RECORD EXTRACTS:
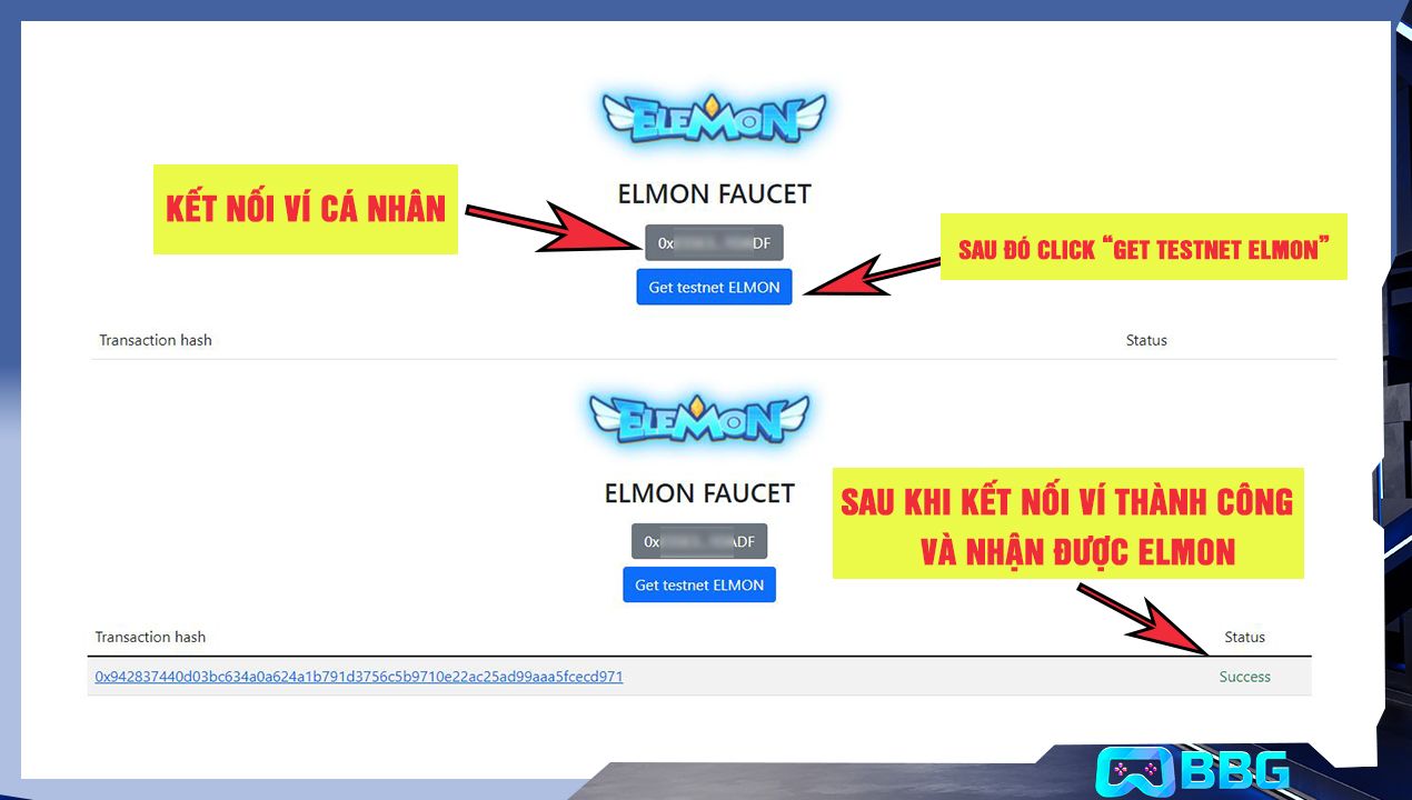 • Dán địa chỉ vào link để nhận ELMON Testnet:
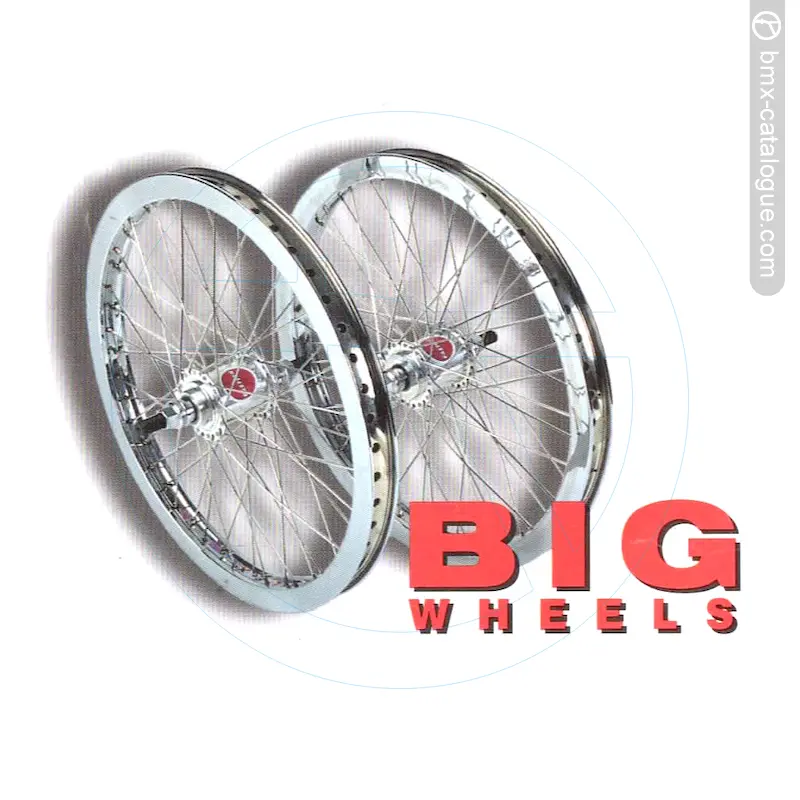 The 1999 Eastern Bikes BMX Catalogue parts and accessories including handlebars, wheels and forks. Big Wheels - Alex Rims, Eastern Haus Hubs, 14mm chrome-moly axles. Oversizes aluminum shells. Seales bearing. Brutus Bars - Handlebars, 8" rise, 26" wide (can be cut to 22"), 8˚ up swing, 5˚ back sweep, 1" grip bars - .083 guage, 1 1/8 crossbar - .049 guage, 7/8" clamp bar - .125 guage. Amazon Forks - 3/8" thick steerer tube, 1 3/8" OD - .065guage, 1/4" thick dropouts, Available regular with peg bosses or plain Jane without peg bosses.
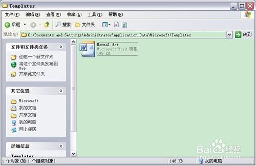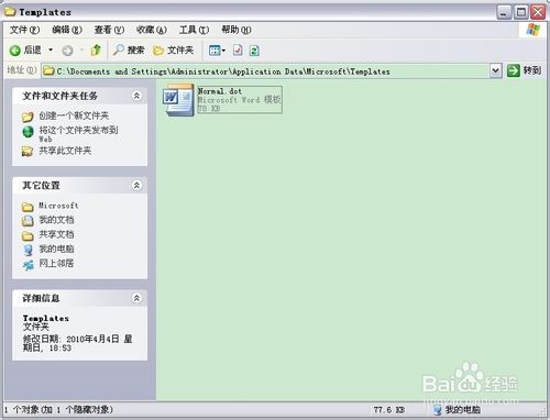 第三步,在资源管理器的上方地址栏中输入:“C:\Documents and Settings\Administrator\Application Data\Microsoft\Templates”,你会发现出现了一个文件“Normal.dot”,这是word公用模板的文件。
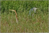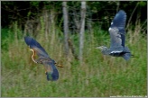 Der Purpurreiher ist eine absolute Seltenheit bei uns und dieses Exemplar war anscheinend auf der Durchreise und hat einen Zwischenstop im Krenmoosbiotop eingelegt – interessanterweise genau am 7. Todestag des bekannten Karlsfelder Naturschützers Josef Koller, als ob der diesen hier vorbeigeschickt hätte, um alle Naturfreunde zu erfreuen. Der ebenfalls anwesende Graureiher war weniger entzückt als wir und versuchte den Eindringling sofort aus seinem Revier zu vertreiben.
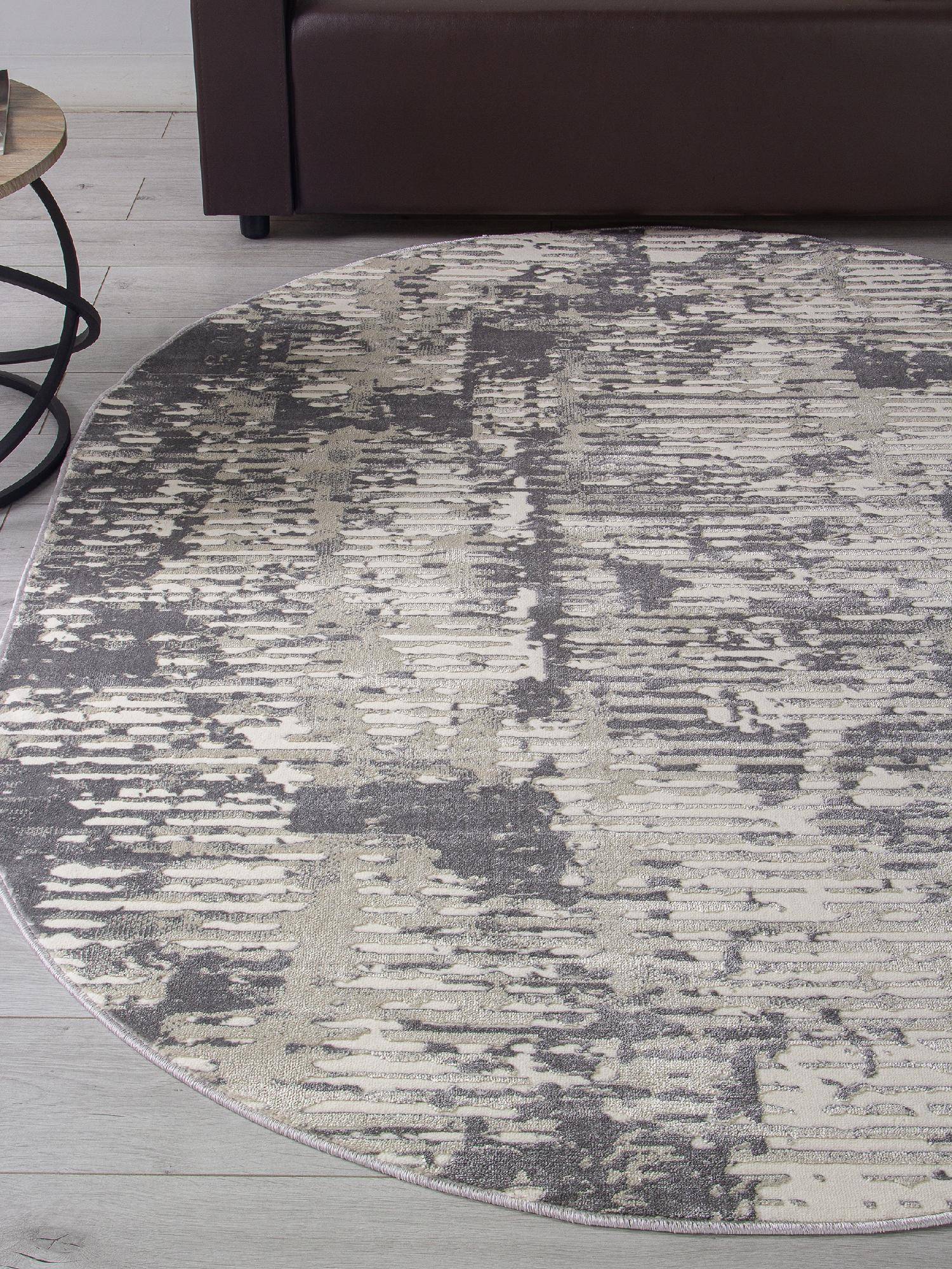 Модный овальный ковер в современном дизайне и светлом окрасе. Такое ковровое изделие отлично подойдет для украшения гостиной или зала.
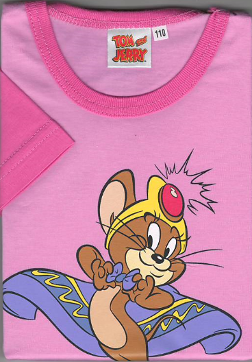 Dětská souprava s krátkým rukávem má tisk na předním dílu, rovné kalhoty jsou v barvě lemu u krku. Vhodná do postýlky i na procházku.

WORK INSTRUCTION: Beginning with the first entry above, reproduce every line verbatim until the line with "The 1999 Eastern", which is included too; omit pictures.

EXERCISE RESULT:
 • Dán địa chỉ vào link để nhận ELMON Testnet:
 The 1999 Eastern Bikes BMX Catalogue parts and accessories including handlebars, wheels and forks. Big Wheels - Alex Rims, Eastern Haus Hubs, 14mm chrome-moly axles. Oversizes aluminum shells. Seales bearing. Brutus Bars - Handlebars, 8" rise, 26" wide (can be cut to 22"), 8˚ up swing, 5˚ back sweep, 1" grip bars - .083 guage, 1 1/8 crossbar - .049 guage, 7/8" clamp bar - .125 guage. Amazon Forks - 3/8" thick steerer tube, 1 3/8" OD - .065guage, 1/4" thick dropouts, Available regular with peg bosses or plain Jane without peg bosses.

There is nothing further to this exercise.